原始数据:
0: jdbc:hive2://localhost:10000> select * from t_access;
+----------------+---------------------------------+-----------------------+--------------+--+
| t_access.ip | t_access.url | t_access.access_time | t_access.dt |
+----------------+---------------------------------+-----------------------+--------------+--+
| 192.168.33.3 | http://www.edu360.cn/stu | 2017-08-04 15:30:20 | 20170804 |
| 192.168.33.3 | http://www.edu360.cn/teach | 2017-08-04 15:35:20 | 20170804 |
| 192.168.33.4 | http://www.edu360.cn/stu | 2017-08-04 15:30:20 | 20170804 |
| 192.168.33.4 | http://www.edu360.cn/job | 2017-08-04 16:30:20 | 20170804 |
| 192.168.33.5 | http://www.edu360.cn/job | 2017-08-04 15:40:20 | 20170804 |
| 192.168.33.3 | http://www.edu360.cn/stu | 2017-08-05 15:30:20 | 20170805 |
| 192.168.44.3 | http://www.edu360.cn/teach | 2017-08-05 15:35:20 | 20170805 |
| 192.168.33.44 | http://www.edu360.cn/stu | 2017-08-05 15:30:20 | 20170805 |
| 192.168.33.46 | http://www.edu360.cn/job | 2017-08-05 16:30:20 | 20170805 |
| 192.168.33.55 | http://www.edu360.cn/job | 2017-08-05 15:40:20 | 20170805 |
| 192.168.133.3 | http://www.edu360.cn/register | 2017-08-06 15:30:20 | 20170806 |
| 192.168.111.3 | http://www.edu360.cn/register | 2017-08-06 15:35:20 | 20170806 |
| 192.168.34.44 | http://www.edu360.cn/pay | 2017-08-06 15:30:20 | 20170806 |
| 192.168.33.46 | http://www.edu360.cn/excersize | 2017-08-06 16:30:20 | 20170806 |
| 192.168.33.55 | http://www.edu360.cn/job | 2017-08-06 15:40:20 | 20170806 |
| 192.168.33.46 | http://www.edu360.cn/excersize | 2017-08-06 16:30:20 | 20170806 |
| 192.168.33.25 | http://www.edu360.cn/job | 2017-08-06 15:40:20 | 20170806 |
| 192.168.33.36 | http://www.edu360.cn/excersize | 2017-08-06 16:30:20 | 20170806 |
| 192.168.33.55 | http://www.edu360.cn/job | 2017-08-06 15:40:20 | 20170806 |
+----------------+---------------------------------+-----------------------+--------------+--+
## LAG函数 返回分区中当前行之前行(可以指定第几行)的值。 如果没有行,则返回null。

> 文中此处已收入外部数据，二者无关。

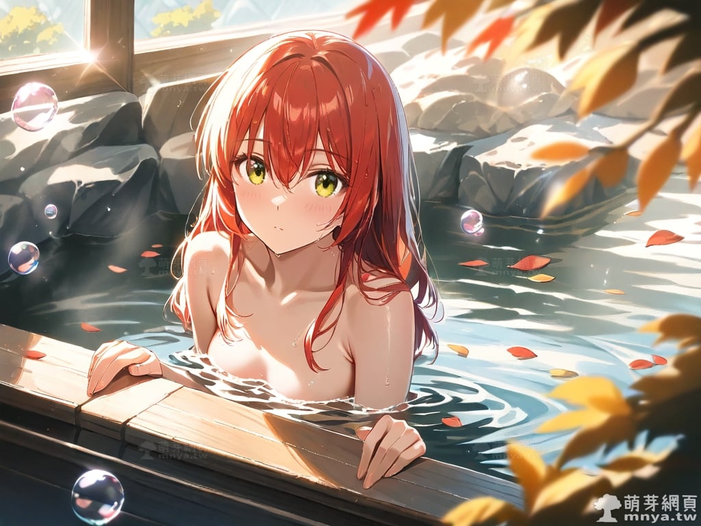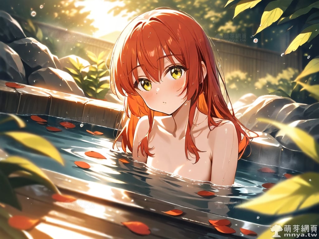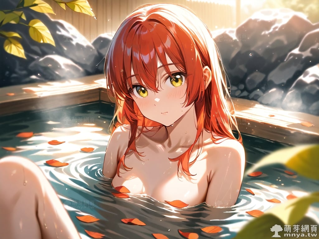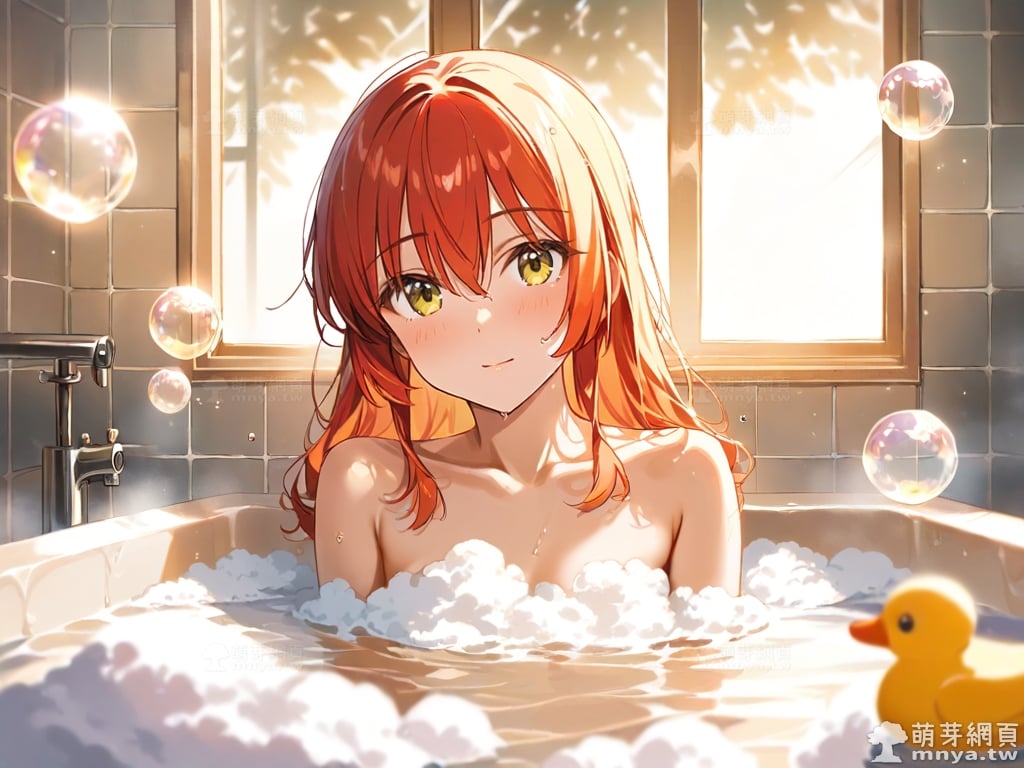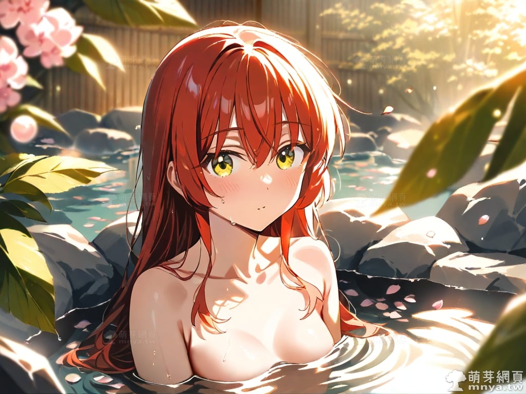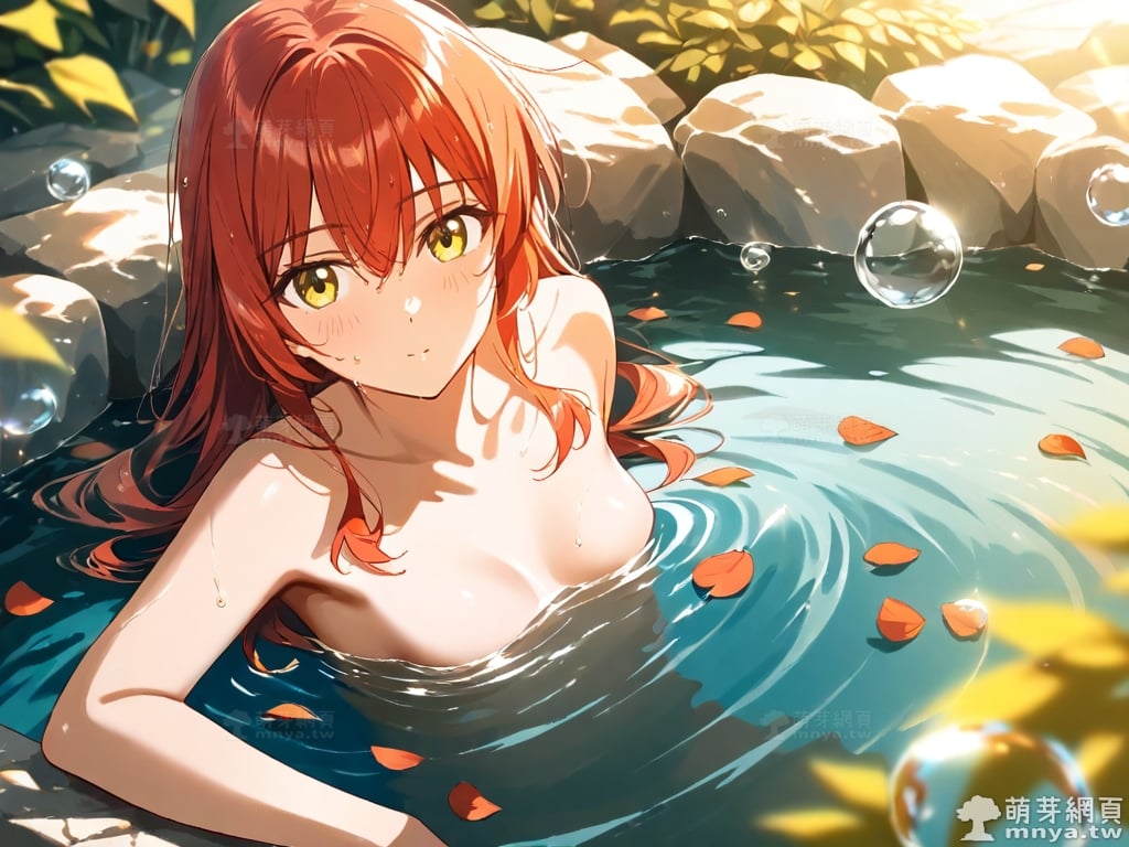 提詞文字:((masterpiece), (soft), (alluring), (high quality):1.3), (photorealistic:0.1), 1girl, solo, solo focus, (kita ikuyo:1.3), (bocchi the rock!), long hair, red hair, bangs, hair between eyes, yellow eyes, small breasts, breasts, __bathe__.

select ip,url,access_time,
row_number() over(partition by ip order by access_time) as rn,
lag(access_time,1,0) over(partition by ip order by access_time)as last_access_time
from t_access;
+----------------+---------------------------------+----------------------+-----+----------------------+--+
| ip | url | access_time | rn | last_access_time |
+----------------+---------------------------------+----------------------+-----+----------------------+--+
| 192.168.111.3 | http://www.edu360.cn/register | 2017-08-06 15:35:20 | 1 | 0 |
| 192.168.133.3 | http://www.edu360.cn/register | 2017-08-06 15:30:20 | 1 | 0 |
| 192.168.33.25 | http://www.edu360.cn/job | 2017-08-06 15:40:20 | 1 | 0 |
| 192.168.33.3 | http://www.edu360.cn/stu | 2017-08-04 15:30:20 | 1 | 0 |
| 192.168.33.3 | http://www.edu360.cn/teach | 2017-08-04 15:35:20 | 2 | 2017-08-04 15:30:20 |
| 192.168.33.3 | http://www.edu360.cn/stu | 2017-08-05 15:30:20 | 3 | 2017-08-04 15:35:20 |
| 192.168.33.36 | http://www.edu360.cn/excersize | 2017-08-06 16:30:20 | 1 | 0 |
| 192.168.33.4 | http://www.edu360.cn/stu | 2017-08-04 15:30:20 | 1 | 0 |
| 192.168.33.4 | http://www.edu360.cn/job | 2017-08-04 16:30:20 | 2 | 2017-08-04 15:30:20 |
| 192.168.33.44 | http://www.edu360.cn/stu | 2017-08-05 15:30:20 | 1 | 0 |
| 192.168.33.46 | http://www.edu360.cn/job | 2017-08-05 16:30:20 | 1 | 0 |
| 192.168.33.46 | http://www.edu360.cn/excersize | 2017-08-06 16:30:20 | 2 | 2017-08-05 16:30:20 |
| 192.168.33.46 | http://www.edu360.cn/excersize | 2017-08-06 16:30:20 | 3 | 2017-08-06 16:30:20 |
| 192.168.33.5 | http://www.edu360.cn/job | 2017-08-04 15:40:20 | 1 | 0 |
| 192.168.33.55 | http://www.edu360.cn/job | 2017-08-05 15:40:20 | 1 | 0 |
| 192.168.33.55 | http://www.edu360.cn/job | 2017-08-06 15:40:20 | 2 | 2017-08-05 15:40:20 |
| 192.168.33.55 | http://www.edu360.cn/job | 2017-08-06 15:40:20 | 3 | 2017-08-06 15:40:20 |
| 192.168.34.44 | http://www.edu360.cn/pay | 2017-08-06 15:30:20 | 1 | 0 |
| 192.168.44.3 | http://www.edu360.cn/teach | 2017-08-05 15:35:20 | 1 | 0 |
+----------------+---------------------------------+----------------------+-----+----------------------+--+
## LEAD函数 返回分区中当前行后面行(可以指定第几行)的值。 如果没有行,则返回null。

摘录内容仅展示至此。